• What is needed
Leave out the pictures and repeat exactly the lines from the one containing "၂၀၀၈ ခုနှစ် ဖွဲ့စည်းပုံအခြေခံဉပဒေနှင့်အညီ" through the end of the records.

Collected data
━━━━━━
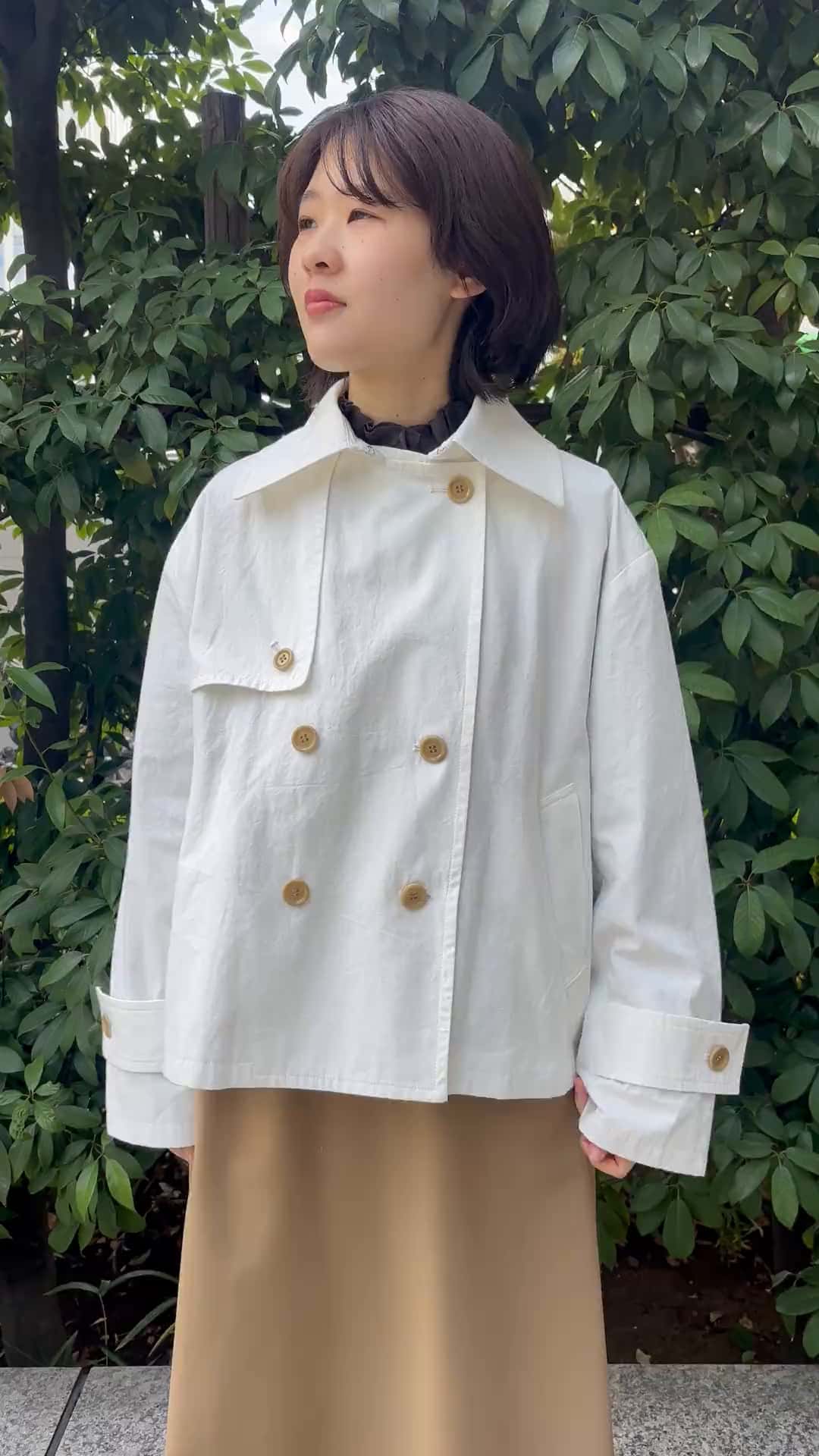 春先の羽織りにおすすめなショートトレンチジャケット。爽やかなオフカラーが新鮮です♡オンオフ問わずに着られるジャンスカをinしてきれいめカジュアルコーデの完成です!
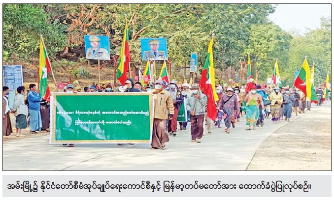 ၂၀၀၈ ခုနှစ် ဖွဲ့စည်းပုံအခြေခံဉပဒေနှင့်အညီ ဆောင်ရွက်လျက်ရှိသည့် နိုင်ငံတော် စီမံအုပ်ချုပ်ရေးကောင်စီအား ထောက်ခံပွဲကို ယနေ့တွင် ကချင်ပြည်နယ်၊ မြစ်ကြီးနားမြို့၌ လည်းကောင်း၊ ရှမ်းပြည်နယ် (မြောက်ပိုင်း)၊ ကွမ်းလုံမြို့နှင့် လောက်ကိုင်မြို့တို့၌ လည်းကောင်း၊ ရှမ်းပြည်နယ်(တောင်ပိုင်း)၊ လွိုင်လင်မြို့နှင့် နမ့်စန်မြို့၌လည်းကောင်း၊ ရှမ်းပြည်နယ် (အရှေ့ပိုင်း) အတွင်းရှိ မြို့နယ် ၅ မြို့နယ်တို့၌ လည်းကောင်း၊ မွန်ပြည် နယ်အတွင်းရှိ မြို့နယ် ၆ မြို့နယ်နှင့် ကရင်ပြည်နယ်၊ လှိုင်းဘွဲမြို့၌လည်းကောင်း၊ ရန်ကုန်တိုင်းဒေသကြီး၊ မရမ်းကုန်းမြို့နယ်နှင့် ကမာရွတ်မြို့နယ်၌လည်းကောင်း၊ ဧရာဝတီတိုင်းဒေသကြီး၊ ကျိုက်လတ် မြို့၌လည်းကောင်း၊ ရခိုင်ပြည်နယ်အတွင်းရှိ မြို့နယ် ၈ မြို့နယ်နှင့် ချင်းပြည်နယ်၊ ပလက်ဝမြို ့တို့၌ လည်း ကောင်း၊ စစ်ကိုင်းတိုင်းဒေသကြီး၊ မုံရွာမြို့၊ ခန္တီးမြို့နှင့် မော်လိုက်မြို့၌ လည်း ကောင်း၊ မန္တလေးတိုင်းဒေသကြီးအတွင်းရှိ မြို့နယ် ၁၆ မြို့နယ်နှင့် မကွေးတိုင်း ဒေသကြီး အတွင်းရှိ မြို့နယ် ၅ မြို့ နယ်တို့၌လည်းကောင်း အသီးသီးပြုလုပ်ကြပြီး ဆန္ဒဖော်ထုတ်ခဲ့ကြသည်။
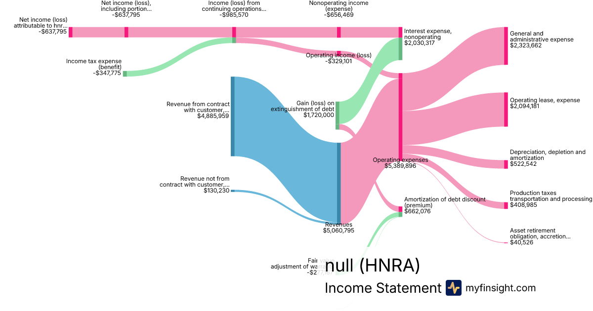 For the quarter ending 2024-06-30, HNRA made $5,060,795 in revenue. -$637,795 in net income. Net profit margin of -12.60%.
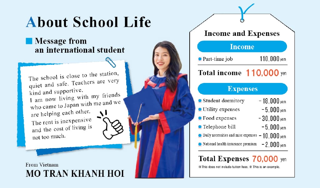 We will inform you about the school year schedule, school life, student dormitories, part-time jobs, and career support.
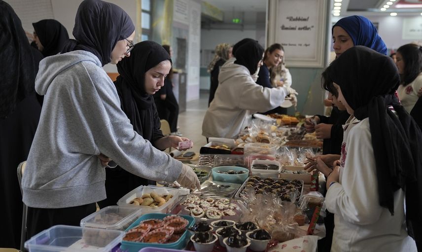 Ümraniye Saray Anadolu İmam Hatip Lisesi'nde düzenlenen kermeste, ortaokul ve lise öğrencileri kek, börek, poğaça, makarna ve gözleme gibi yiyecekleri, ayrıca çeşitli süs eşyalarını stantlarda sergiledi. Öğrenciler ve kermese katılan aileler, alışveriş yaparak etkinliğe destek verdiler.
━━━━━━
• Answer for this exercise
 ၂၀၀၈ ခုနှစ် ဖွဲ့စည်းပုံအခြေခံဉပဒေနှင့်အညီ ဆောင်ရွက်လျက်ရှိသည့် နိုင်ငံတော် စီမံအုပ်ချုပ်ရေးကောင်စီအား ထောက်ခံပွဲကို ယနေ့တွင် ကချင်ပြည်နယ်၊ မြစ်ကြီးနားမြို့၌ လည်းကောင်း၊ ရှမ်းပြည်နယ် (မြောက်ပိုင်း)၊ ကွမ်းလုံမြို့နှင့် လောက်ကိုင်မြို့တို့၌ လည်းကောင်း၊ ရှမ်းပြည်နယ်(တောင်ပိုင်း)၊ လွိုင်လင်မြို့နှင့် နမ့်စန်မြို့၌လည်းကောင်း၊ ရှမ်းပြည်နယ် (အရှေ့ပိုင်း) အတွင်းရှိ မြို့နယ် ၅ မြို့နယ်တို့၌ လည်းကောင်း၊ မွန်ပြည် နယ်အတွင်းရှိ မြို့နယ် ၆ မြို့နယ်နှင့် ကရင်ပြည်နယ်၊ လှိုင်းဘွဲမြို့၌လည်းကောင်း၊ ရန်ကုန်တိုင်းဒေသကြီး၊ မရမ်းကုန်းမြို့နယ်နှင့် ကမာရွတ်မြို့နယ်၌လည်းကောင်း၊ ဧရာဝတီတိုင်းဒေသကြီး၊ ကျိုက်လတ် မြို့၌လည်းကောင်း၊ ရခိုင်ပြည်နယ်အတွင်းရှိ မြို့နယ် ၈ မြို့နယ်နှင့် ချင်းပြည်နယ်၊ ပလက်ဝမြို ့တို့၌ လည်း ကောင်း၊ စစ်ကိုင်းတိုင်းဒေသကြီး၊ မုံရွာမြို့၊ ခန္တီးမြို့နှင့် မော်လိုက်မြို့၌ လည်း ကောင်း၊ မန္တလေးတိုင်းဒေသကြီးအတွင်းရှိ မြို့နယ် ၁၆ မြို့နယ်နှင့် မကွေးတိုင်း ဒေသကြီး အတွင်းရှိ မြို့နယ် ၅ မြို့ နယ်တို့၌လည်းကောင်း အသီးသီးပြုလုပ်ကြပြီး ဆန္ဒဖော်ထုတ်ခဲ့ကြသည်။
 For the quarter ending 2024-06-30, HNRA made $5,060,795 in revenue. -$637,795 in net income. Net profit margin of -12.60%.
 We will inform you about the school year schedule, school life, student dormitories, part-time jobs, and career support.
 Ümraniye Saray Anadolu İmam Hatip Lisesi'nde düzenlenen kermeste, ortaokul ve lise öğrencileri kek, börek, poğaça, makarna ve gözleme gibi yiyecekleri, ayrıca çeşitli süs eşyalarını stantlarda sergiledi. Öğrenciler ve kermese katılan aileler, alışveriş yaparak etkinliğe destek verdiler.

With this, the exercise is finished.